The first step is to calculate total exposure during the last seven years. For surviving females older than 7 years old, this will be 84 months (DHS stores dates as century month codes, so we'll be working in months for now). For women who have died, this will be the amount of time they were alive during the past seven years before they died. For sisters younger than 7 years old, this will be their age in months - though sisters younger than 15 years old at the time of interview/death will be filtered out eventually anyway.
```{r}
mmrate_data = mmrate_data %>%
mutate(
upper_lim = pmin(int_date - 1, death_date, na.rm = T),
lower_lim = pmax(int_date - 84, birth_date),
total_exposure = upper_lim - lower_lim + 1
) %>%
filter(total_exposure > 0)
```
We'll add the age group and exposure variables as follows:
* `last_age_group`: floor((`upper_lim` - `birth_date`) / 60), which evaluates to 0 for sisters aged 0-4 at the time of interview/death, 1 for sisters aged 5-9 at the time of interview/death, etc.
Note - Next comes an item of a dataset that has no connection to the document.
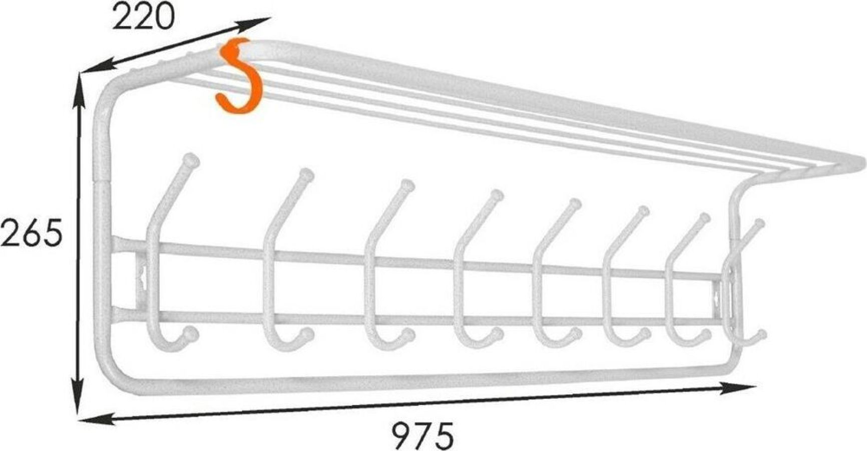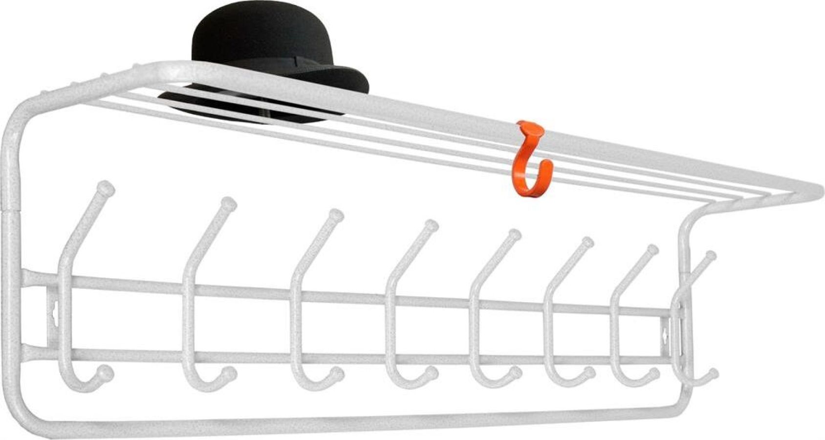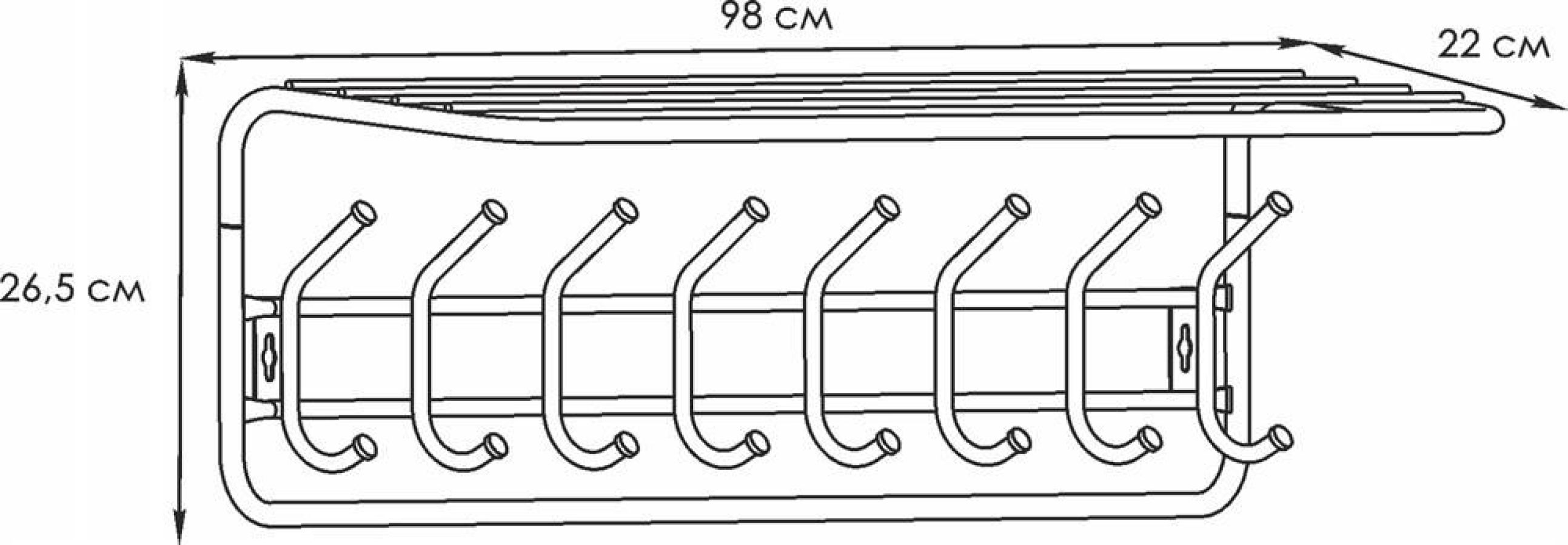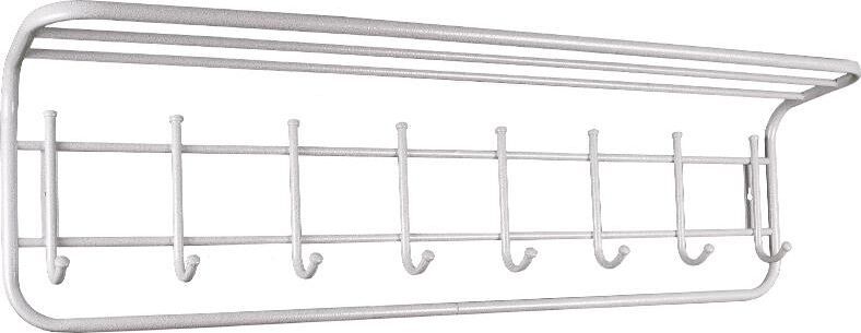 Надежная сборно-разборная конструкция. — компактная вешалка с 8-ю крючками. — удобная полка для хранения головных уборов. — допустимая нагрузка до 5 кг на крючок. — Удобный пластиковый крючок для мелочей. — Расстояние между крепёжными отверстиями 875 мм. Материал Сталь, полимерное покрытие. Габариты (Д*Ш*В) 98х22х26,5 см.

* `mid_age_group`: `last_age_group` - 1
* `first_age_group`: `mid_age_group` - 1
* `expo_1`: the minimum of `total_exposure` and `upper_lim` - (`birth_date` + `last_age_group` * 60) + 1). The latter is the number of months between time of interview/death and when the woman entered her current age group - `total_exposure` will be less than this for deceased women who died shortly after seven years ago so we take the minimum of the two.
* `expo_2`: the minimum of 60 and `total_exposure` - `expo_1` - either a woman spanned the entire middle age group in the past seven years, which is 60 months wide, or she didn't and her remaining exposure, `total_exposure` - `expo_1`, is less and all gets allocated to the middle group.
* `expo_3`: `total_exposure` - `expo_1` - `expo_2` - whatever remains, if anything, after exposure has been allocated to the first two age groups.
We'll also collapse the levels of `maternal_death` that are considered pregnancy-related deaths.
```{r warning=F}
mmrate_data = mmrate_data %>%
mutate(
last_age_group = floor((upper_lim - birth_date) / 60),
mid_age_group = last_age_group - 1,
first_age_group = mid_age_group - 1,
expo_1 = pmin(total_exposure,
upper_lim - (birth_date + last_age_group * 60) + 1),
expo_2 = pmin(60, total_exposure - expo_1),
expo_3 = total_exposure - expo_1 - expo_2,
maternal_death = fct_collapse(maternal_death,
"pregnancy-related" = c("died while pregnant",
"died during delivery",
"since delivery",
"6 weeks after delivery",
"2 months after delivery")
)
)
```
Now we'll summarize weighted exposure by age group, keeping only age groups 3-9 (15-19 to 45-49). We need to summarize weighted pregnancy-related deaths by `last age group` since this was the age group of death for deceased sisters.
```{r}
last_age_sums = mmrate_data %>%
group_by(last_age_group) %>%
summarize(
total_exp_1 = sum(weight * expo_1 / 12),
total_deaths = sum(weight * (maternal_death == "pregnancy-related"),
na.rm=T)) %>%
filter(last_age_group %in% 3:9)
mid_age_sums = mmrate_data %>%
group_by(mid_age_group) %>%
summarize(
total_exp_2 = sum(weight * expo_2 / 12)) %>%
filter(mid_age_group %in% 3:9)
first_age_sums = mmrate_data %>%
group_by(first_age_group) %>%
summarize(
total_exp_3 = sum(weight * expo_3 / 12)) %>%
filter(first_age_group %in% 3:9)
```
The last step is to stitch together the three exposure tables and calculate maternal mortality rates.
```{r}
mmrate = last_age_sums %>%
transmute(age_group = paste(last_age_group * 5, "-",
(last_age_group + 1) * 5 - 1,
sep = ""),
maternal_deaths = total_deaths,
exposure_years = total_exp_1 +
mid_age_sums$total_exp_2 +
first_age_sums$total_exp_3,
maternal_mortality_rate = 1000 * maternal_deaths / exposure_years)
```
The final table, `mmrate`:
```{r echo=FALSE}
mmrate %>%
mutate_if(is.numeric, round, 1) %>%
knitr::kable()
```
This table matches the maternal mortality rate table for the model data provided by DHS. It also illustrates how maternal mortality rates fail to control for differences in fertility across groups - MMRates trail off for older age groups mostly just because pregnancies are less common in those age groups.